His chin was tipped up so that he could meet Zelo’s always intense stare, his breath dangerously close to Himchan’s parted lips. “You recharged my light, Himchan. Let me do the same for you.”

---

Zelo is the first drink of water after starving in the desert. Himchan is the fool who had never even realized he was lost.

---

“Were you jealous, Channie?” Heavy touches and searching tongues matched speed in the dark. “When I danced with those girls? Did it make you ache?”

“They wouldn’t put up with your shit.” The mood was stilled as soft lips pressed against Zelo’s scars, smoothing their way up each non-existent stitch. “They’d drive you back in ten minutes. But too bad because I’d be here with Youngjae.”

A laugh. “You’d never let anyone but me see you like this.” A lamp switched on, showcasing Himchan’s swollen lips and bruised neck, eyes wide with need. “I’m the only person who can break you apart, make you a mess.”

Himchan closed his eyes, succumbing to the feel of Zelo’s palm sliding across his Adam’s Apple and across his shoulder. “As long as you promise to put me back together.”
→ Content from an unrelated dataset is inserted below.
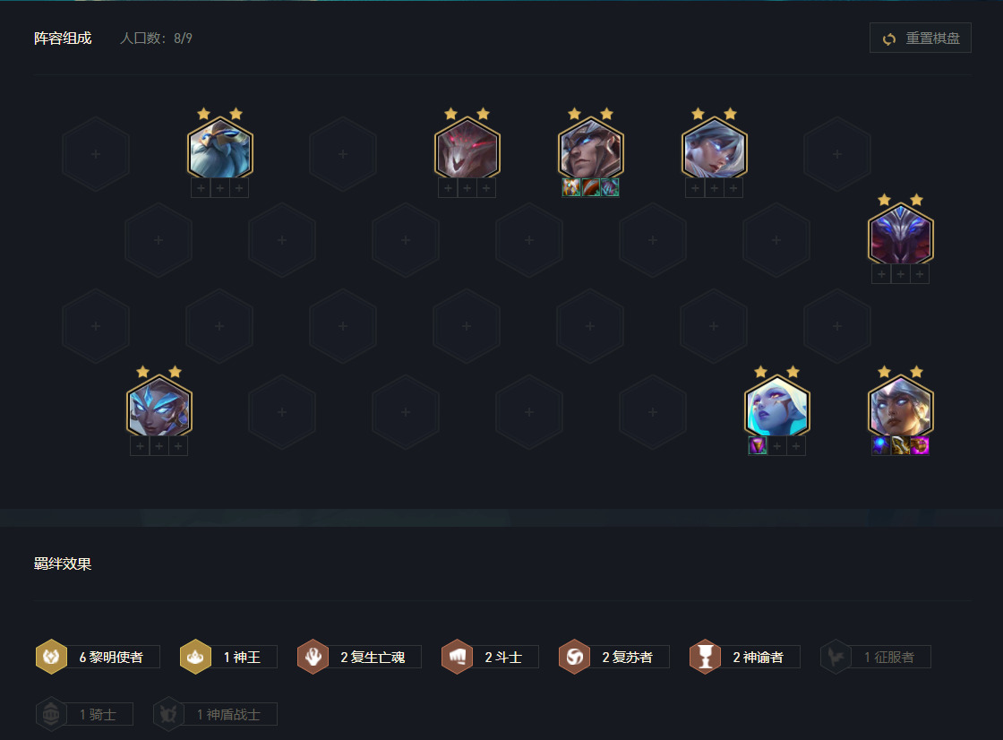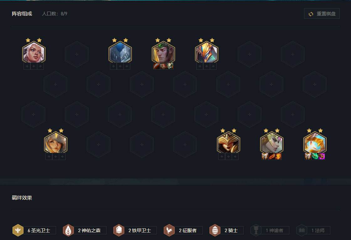 上5人口,继续以3圣光为核心补充质量,骑士,游侠,征服者都是2人羁绊,很容易开出来。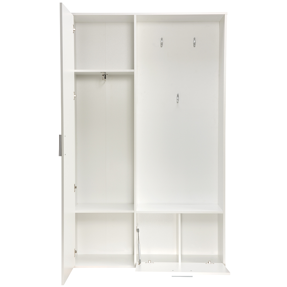 Bis je nadčasová předsíňová stěna se zrcadlem do předsíně nebo chodby. Na pravé straně jsou ramínka na šaty, které nosíme každý den. Níže je přihrádková skříň pro snadnou organizaci. Vlevo je věšák, na který můžeme pověsit například bundy nebo kabáty, a dvě velké police, jedna dole a druhá nahoře. Celek je doplněn zrcadlem po celé výšce nábytku. Dostupné ve více barevných kombinacích. Nábytek je vyroben z kvalitní laminátové dřevotřísky s ochranou ABS hranou. Úchytky jsou ve stříbrném odstínu.

The touch stuttered, Zelo’s voice strained as he lowered his touch down Himchan’s arm to join their fingers together. “Sometimes airplanes crash.”

---

He gets the call while he’s at work. It’s Jongup in the ambulance and he’s screaming and Himchan can’t understand a word but he knows, he knows.

It was only a matter of time before Zelo’s light dimmed again.

---

The stars above him are so bright that they hurt his eyes. Sometimes he wonders if they’re laughing at him.

Sometimes he wonders if they’re staring down at him with deep brown eyes, cradling him in their shine.

A billion Zelo’s with him wherever he goes.

He tried screaming at the doctor who forced him out of the operating room. Threats didn’t work. Trading his working but now worthless arteries for Zelo’s didn’t work either. Begging God for a miracle gave him nothing but empty hands.

Nothing turned Zelo’s light back on.

“Are you a star now?” He whispered, tracing patterns into the stars.

Gemini

Perseus

“Do you have your own constellation?”

Hydra

“I miss you.”

The moon smiled as her children embraced him.

If he tried hard enough he could feel Zelo’s touch on his fingertips, telling him what each constellation meant as he moved their hands together, one by one over the tiny pinpricks.

“Zelo.” He murmured, making his own new constellation. It didn’t contain the brightest star in the sky, only a small blinking light right in the center. Maybe it was Morse code and it was telling him a joke but he would never understand the punch line.

Maybe he was the punch line.

---

Zelo talks in riddles. Until he doesn’t.